A ce stade de la procédure, en application de la théorie de la double pertinence, il n’y pas lieu de tenir compte des contestations ni des allégations de sa partie adverse. La position du défendeur ne joue, en effet, aucun rôle pour les faits doublement pertinents, ceux-ci étant présumés établis sur la seule base des allégués du demandeur. L’intimée ne peut être suivie lorsqu’elle soutient qu’il y aurait lieu de faire exception à l’application de la théorie de la double pertinence en raison d’un abus de droit commis de la part de l’appelant.
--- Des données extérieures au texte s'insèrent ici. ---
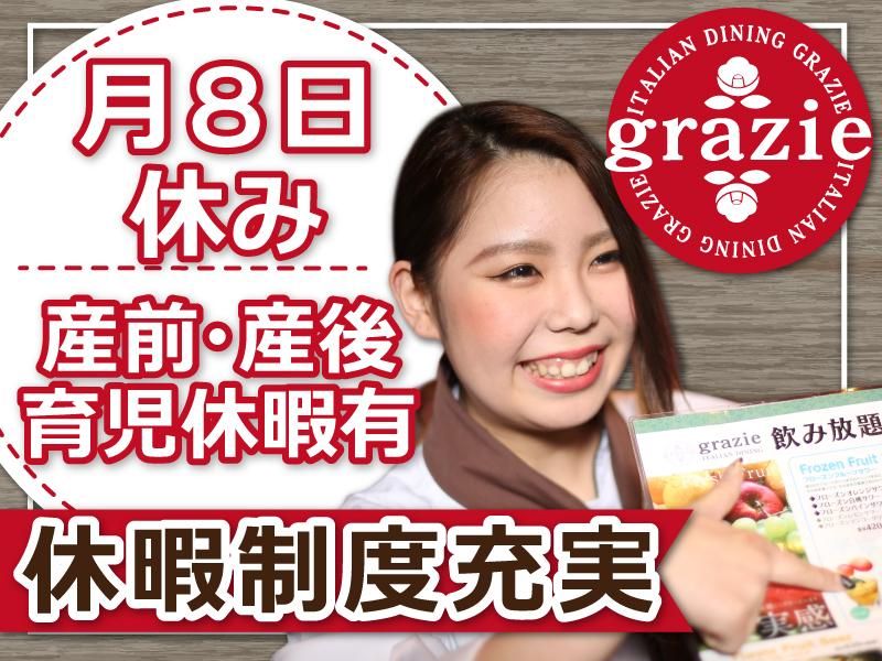 仕事内容 イタリアンを中心に多彩な料理をカジュアルに味わい、お酒を楽しめるダイニング「グラッツェ」のホールスタッフのお仕事です。 【具体的な仕事は】 オーダー取りや料理やお飲み物のご提供、お会計、テーブルセットなどの基本的なホール業務をお任せします。 まずは仕事の流れと当店の雰囲気を見ていただくため、お客様のご案内など簡単なお仕事から徐々にお任せしていきますので経験者の方もご安心ください。基本的な業務を覚えたら、シフト作成や売上管理などの店舗運営業務もお任せします。ゆくゆくは店長候補>店長へとキャリアアップを目指していただき、お店を率いる存在としての活躍を期待しています。 また、グラッツェでは誕生日や記念日などお祝いの日にご来店してくださるお客様も多く、そんなお客様のためにサプライズを全力でお手伝いさせていただいています。普段から「お客様に喜んでいただくには?」を考え、アナタの接客で素敵な空間作りを手掛けてください! 【「ありがとう」を大切にするお店です】 店名のgrazieはイタリア語で「ありがとう」という意味。設立以来、「夢とありがとう」を大切にしているお店です。 ご来店してくださったお客様と一緒に働く仲間に感謝の気持ちを持ち、共にグラッツェでの素敵な空間を楽しんでいただける方を歓迎します! 【キャリアアップのチャンスもあります!】 当社は社員ひとり一人が、「将来何をやりたいのか」を大切にしています。それを知るためにも定期的に行われるミーティングや年2回の面談で、上長と話し合える機会を設けています。普段の仕事の悩みなどはもちろん、キャリアアップなどについての相談も大歓迎です! また、会社として新規店舗の出店に注力しているため、新店の店長として活躍する道もあります。グラッツェ以外にもレモネード専門店や韓国商店など幅広くお店を展開をしているため、様々な経験を積むことも可能です。 また、実際にお店で働く現場の他に、幹部候補・本社勤務などポストも多数。入社後は経験や能力に応じた仕事やポジションをお任せし、その後は希望や適性に応じて店長やSVなど、満足のいくキャリアアップを目指すことができます! ※今回の募集では『グラッツェ札幌駅JR55店』での勤務となりますが、店舗の状況により『グラッツェ北2条店(札幌・さっぽろ駅徒歩1分)』『グラッツェすすきの南3条店(すすきの駅徒歩3分)』での勤務となる場合もあります。 他にも昨年9月OPENの『ニューイタメシ酒場 grazie すすきの南5条店』11月OPENの『ニューイタメシ酒場 grazie すすきの南4条店』とオープニング案件も2店あり、今後も新店舗の出店を予定しています。

En effet, attendu que le contrat de travail et celui d’agence présentent certaines similitudes ainsi que des critères communs et que leur distinction n’est, dans le cas présent, pas d’une facilité flagrante, on ne saurait reprocher à l’appelant de considérer être lié à l’intimée par un contrat de travail et, partant, d’avoir saisi les juridictions spécialisées en la matière.
La compétence ratione materiae des juridictions des prud’hommes doit dès lors être admise à ce stade, indépendamment des contestations de l’intimée et sans préjudice quant à la décision à rendre sur le fond, sur la qualification du contrat notamment.
Le jugement sera annulé et la cause renvoyée au Tribunal pour qu’il entre en matière sur la demande formée par l’appelant.
(Arrêt de la Chambre des prud’hommes de la Cour de justice du canton de Genève CAPH/119/2022 du 26.07.2022)
Note (en sourdine) :
Cet arrêt est curieux, non par la solution juridique à laquelle la Cour arrive, qui expose et applique correctement la théorie des faits de double pertinence en matière de compétence de la juridiction du travail, mais de ce qu’il montre de la décision de première instance (tribunal des prud’hommes).
Les juges du travail sont, rappelons-le, des « laïcs » en première instance dans le canton de Genève. Dans leur immense majorité, ce ne sont pas des juristes, même s’ils reçoivent une formation ad hoc en droit du travail et en droit de procédure. C’est ce qui explique qu’ils soient assistés par des greffiers vacataires qui sont eux-mêmes juristes, avocats ou avocats-stagiaires, et que – en tout cas dans mon souvenir – les projets de jugement soient relus par les juristes du Tribunal des prud’hommes pour en assurer une sorte de « contrôle de qualité ».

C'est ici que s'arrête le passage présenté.